As mobile network operator, you have a wealth of data available to help optimize and extend your network coverage and connectivity. The problem is that, with the current approach, the data is scattered in different silos. Unless we can bring this data together, you won’t be able to obtain the insights you need to do things better and to truly leverage it to enhance the coverage we deliver. And, you won’t be able to unlock valuable new use cases.
Optimizing mobile network coverage has become an increasingly challenging task. Networks have become more complicated, with new services to support. Maintaining connectivity with the right service levels, even as you add new capabilities is difficult. Delivering new capacity is something that must be got right, so you can ensure your investments are a success.

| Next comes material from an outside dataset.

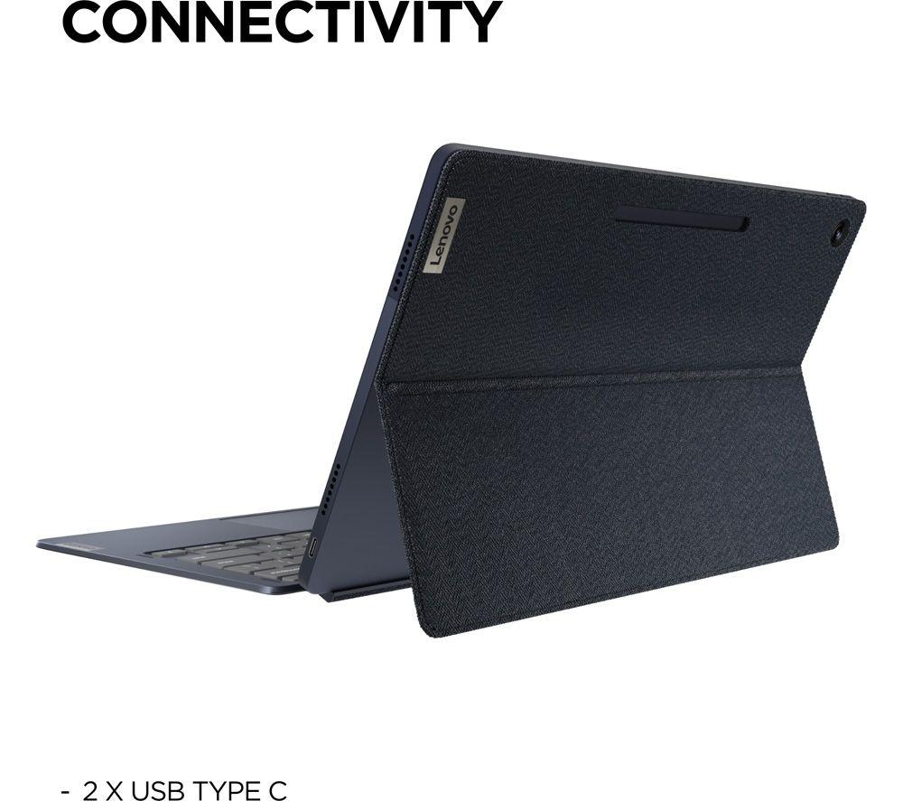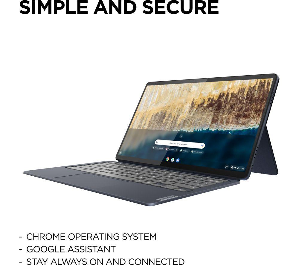 \nThe Duet combines the speed and security of a Chromebook with the fun and flexibility of a tablet. ChromeOS gives you access to all your favourite apps and games. And when it's time to get some work done, just snap on the detachable keyboard and get typing.The tablet weighs just 700 g and even with the keyboard and stand cover attached, it's slim and light enough to take with you anywhere.Good to know- Jot down your notes, sketch out ideas and edit presentations with the included stylus- The OLED touchscreen is sharp, bright and full of colour – great for both typing documents and binging shows- With up to 15 hours of battery life, you can stream and surf all day without charging- Multitask all you want with the Qualcomm Snapdragon 7c Gen 2 processor and 8 GB of RAM- Enjoy smooth video calls with the Full HD webcam and dual array microphones- 256 GB of storage gives you enough space for all your apps and files- Two USB Type-C ports let you connect an extra monitor or a hard drive\n

So, you have to continuously optimize performance for the areas already covered, ensure that conditions are optimal for every service launched or enabled for others, and extend coverage to new locations.

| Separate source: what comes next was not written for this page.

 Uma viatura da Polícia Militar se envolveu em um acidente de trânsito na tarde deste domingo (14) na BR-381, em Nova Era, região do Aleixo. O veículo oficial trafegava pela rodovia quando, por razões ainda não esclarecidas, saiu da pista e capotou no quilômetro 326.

Currently, most MNOs use static data to optimize coverage, such as population numbers and density, local topology, signal strength demands, and so on, while leveraging network data to track performance and experience as part of assurance programs.

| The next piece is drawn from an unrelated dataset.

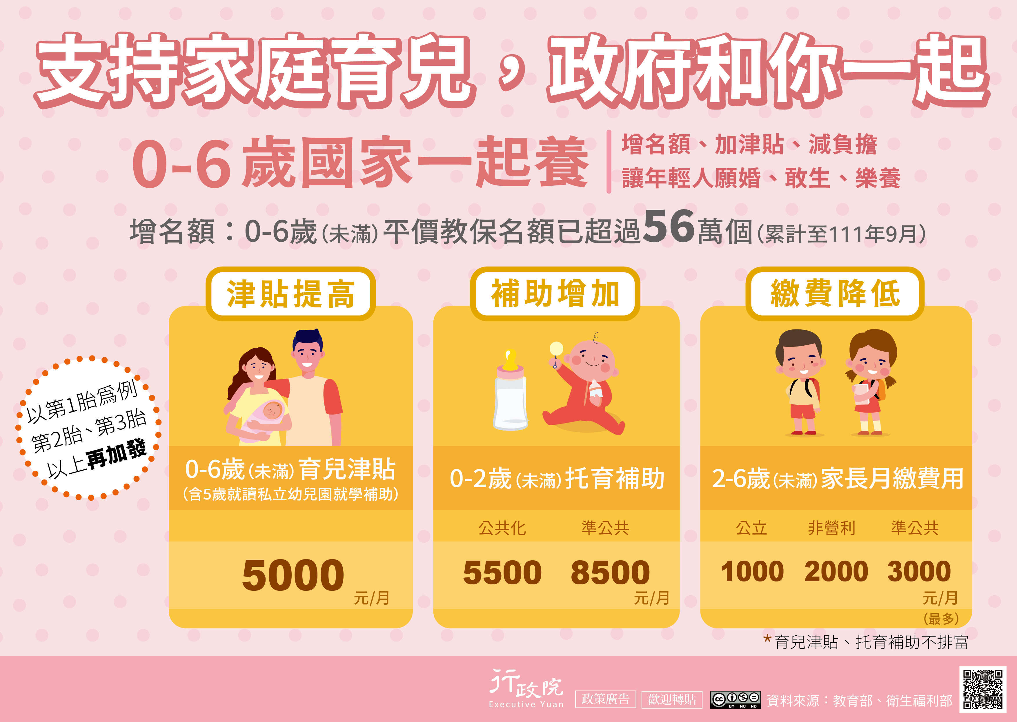 一、為提供養兒育女家庭最大的奧援,讓年輕人敢婚、願生、樂養,政府於明(112)年起擴大推動以增名額、加津貼、減負擔為主軸的「0-6歲國家一起養」政策(2021-2024),期以傾全國之力協助培養國家未來的棟梁。行政院特策製旨揭說明資料,電子檔亦可至行政院全球資訊網「政策與計畫─政策櫥窗」項下下載。

However, that approach is limiting. Yes, it gives the ability to tune around baselines and to troubleshoot when problems emerge. But it depends on isolated data sets, and this means you cannot leverage a unified data set that can drive deeper and richer insights: MNOs need the ability to get a lot smarter about how they manage critical mobile network coverage.
To achieve this aim, a new approach to data is required. You need to be able to leverage the other data sources that are also available. These include information from Performance Management outputs – generated by systems in the OSS, which include telemetry data, status indicators, and much more. There is also Configuration Management data, Fault Management data, information from ticketing systems and so on.
Each data set provides a different perspective. Traditionally, they have been viewed separately, essentially in silos. As a result, information that can complement other data cannot not easily be correlated.
Yes, you can learn about network performance from monitoring data, while also checking system status from alarm handling solutions – but you cannot view these essential inputs together.
In turn, that means that you can’t use all the available information sources efficiently to plan and optimize the best coverage for a given cell. There is information regarding traffic patterns; there is also information regarding service quality, RAN performance and so on – but the desired unified view is absent.